| Task prompt |
Down to the last line, retype the records below exactly and skip the pictures.

| Supplied entries |

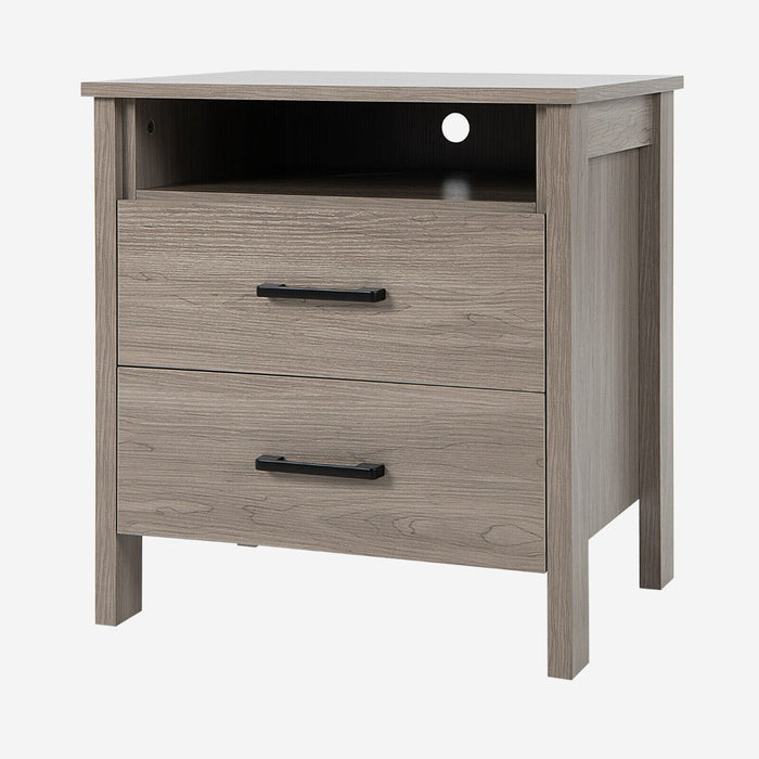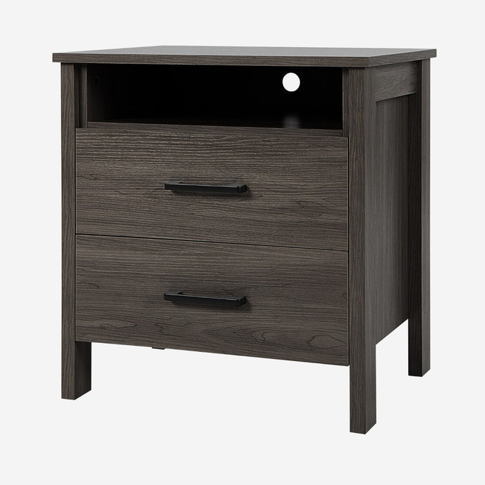 The seamless integration of form and function is evident in the carefully implemented features. Our nightstand's open compartment includes a discrete circular cut-out, serving as a tidy solution for cable management — your electronics' cords no longer need to drape messily atop your furnishings. Convenience is further enhanced by the presence of sleek handles and smooth drawer slides for effortless access to your stored items.
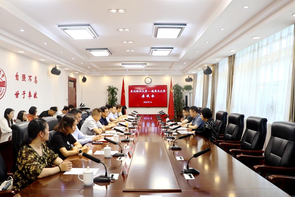 7月23日,东北林业大学党委副书记翟雪峰一行来校考察援疆干部,与beat365党委常委、副校长林松涛等领导进行深入座谈。
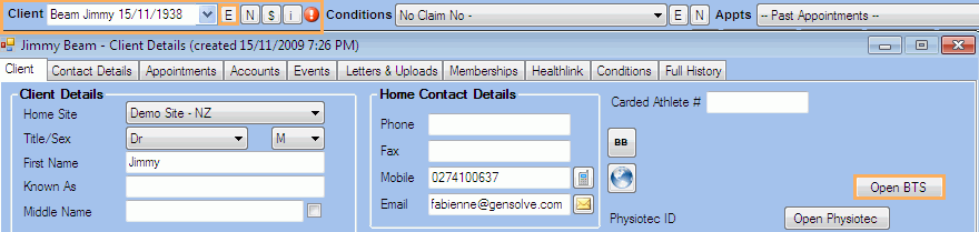 to open the Client Details window - On the right hand side of the Client tab, click on Open BTS to open the BTS website.
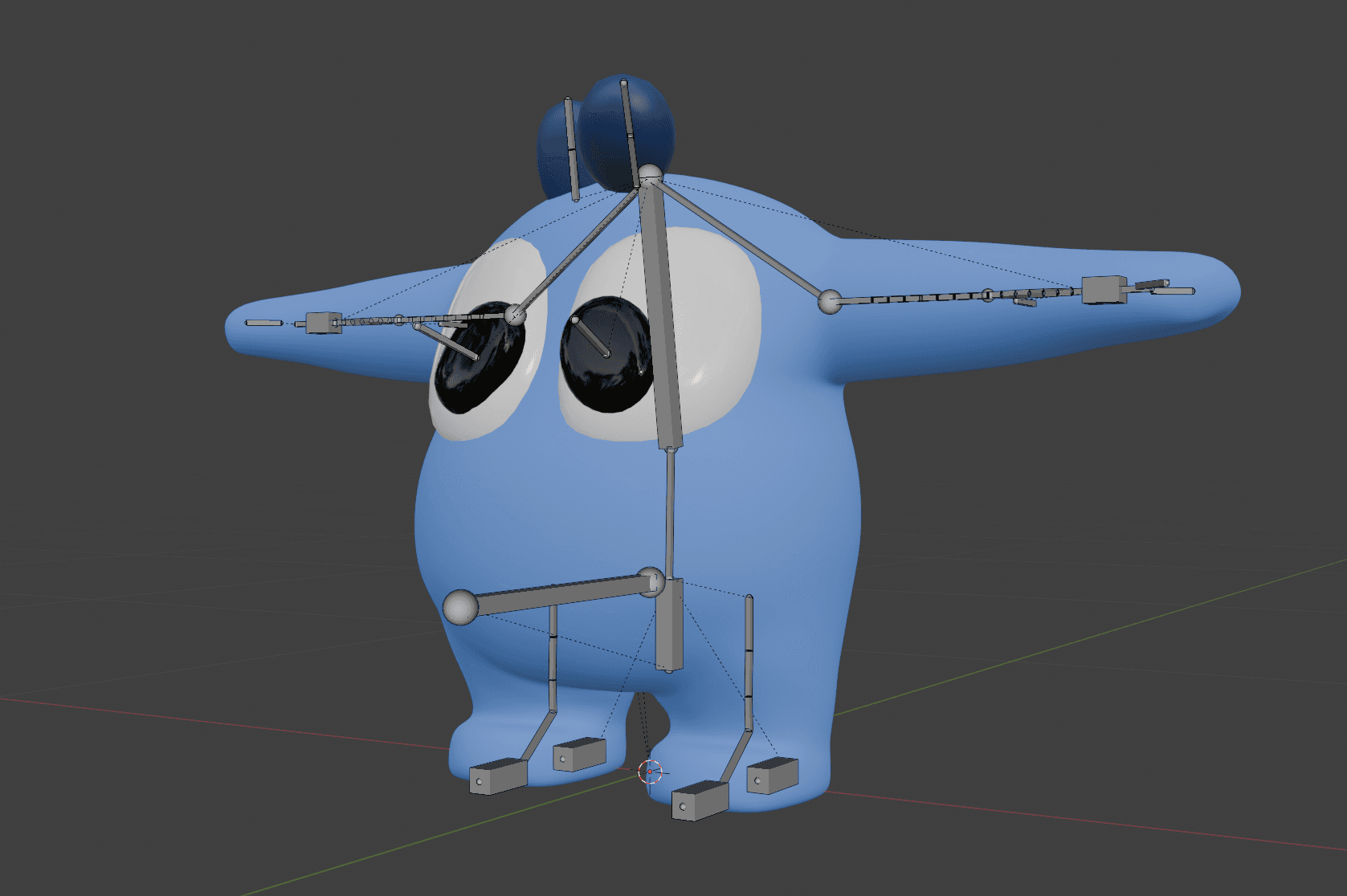I designed, modeled, rigged, and animated the entire character in Blender. The character walks, runs, expresses emotion, and interacts with objects: first kicking a small ball, then approaching a large cube and poking it, causing the cube to levitate, change color, and shake in response. The model was built with clean topology to deform smoothly, and the rig was carefully weight-painted to maintain natural movement despite the stylized proportions.
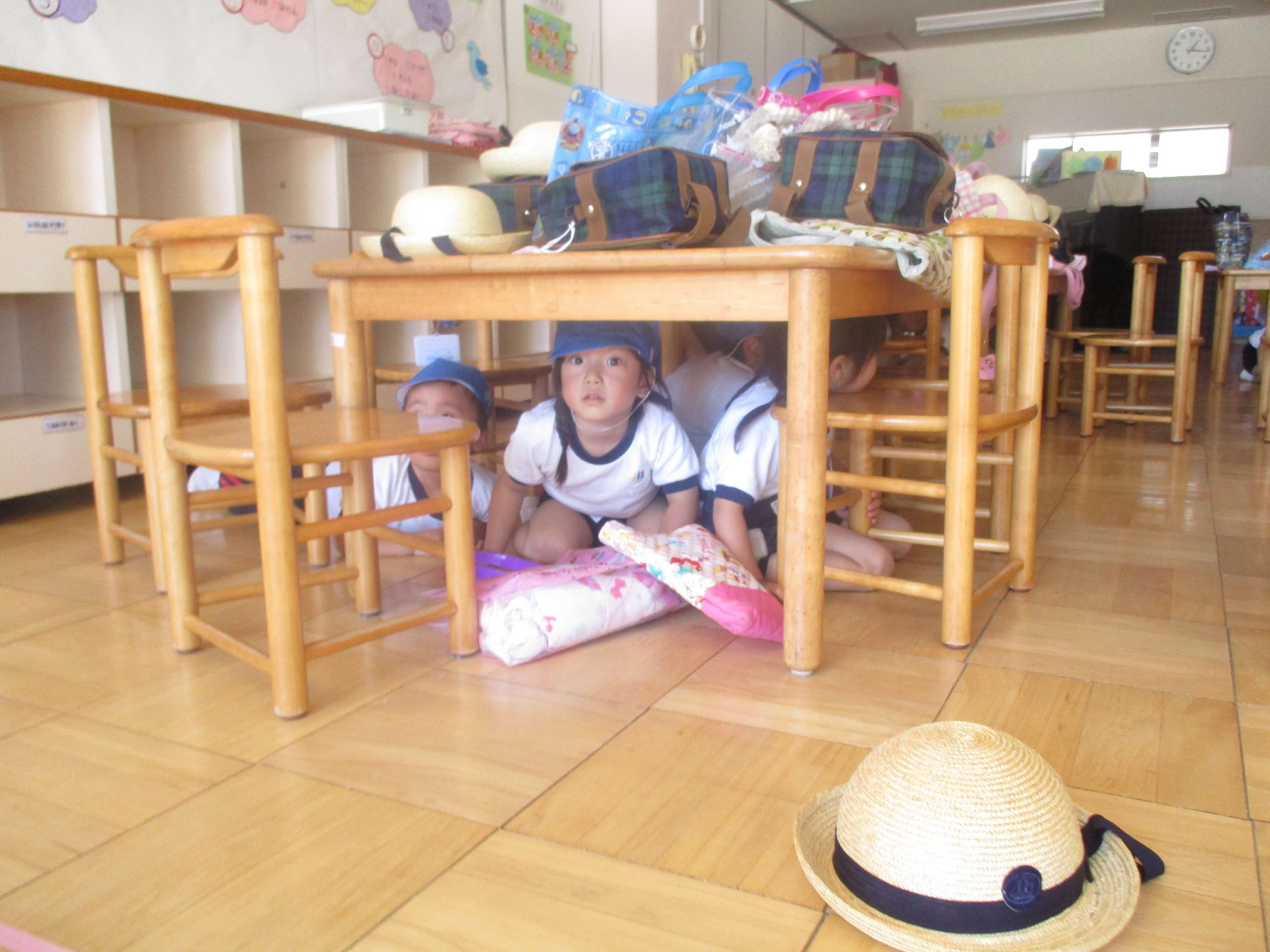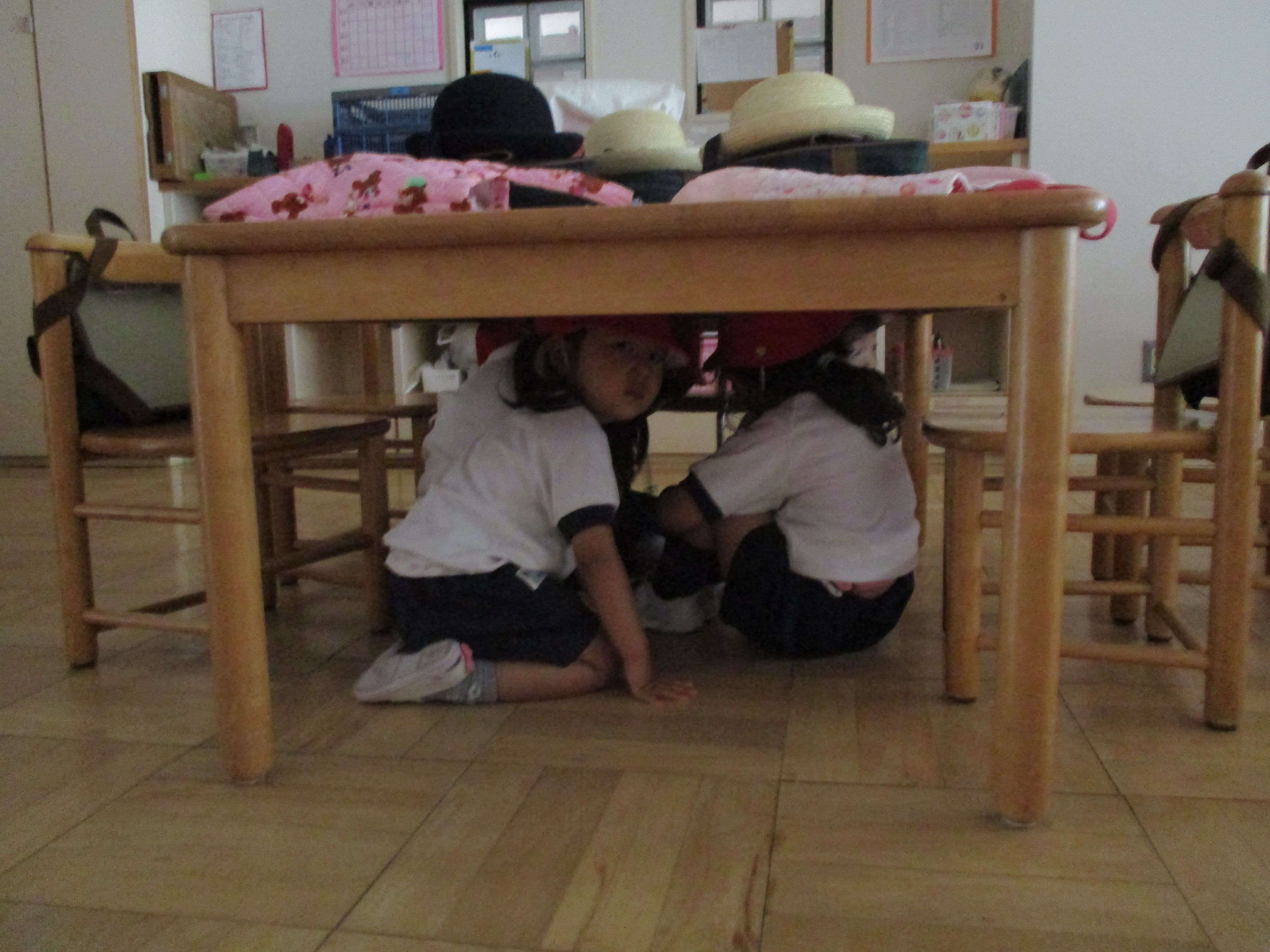 机の下にもぐり頭を守ります

| Written answer |
 The seamless integration of form and function is evident in the carefully implemented features. Our nightstand's open compartment includes a discrete circular cut-out, serving as a tidy solution for cable management — your electronics' cords no longer need to drape messily atop your furnishings. Convenience is further enhanced by the presence of sleek handles and smooth drawer slides for effortless access to your stored items.
 7月23日,东北林业大学党委副书记翟雪峰一行来校考察援疆干部,与beat365党委常委、副校长林松涛等领导进行深入座谈。
 to open the Client Details window - On the right hand side of the Client tab, click on Open BTS to open the BTS website.
I designed, modeled, rigged, and animated the entire character in Blender. The character walks, runs, expresses emotion, and interacts with objects: first kicking a small ball, then approaching a large cube and poking it, causing the cube to levitate, change color, and shake in response. The model was built with clean topology to deform smoothly, and the rig was carefully weight-painted to maintain natural movement despite the stylized proportions.
 机の下にもぐり頭を守ります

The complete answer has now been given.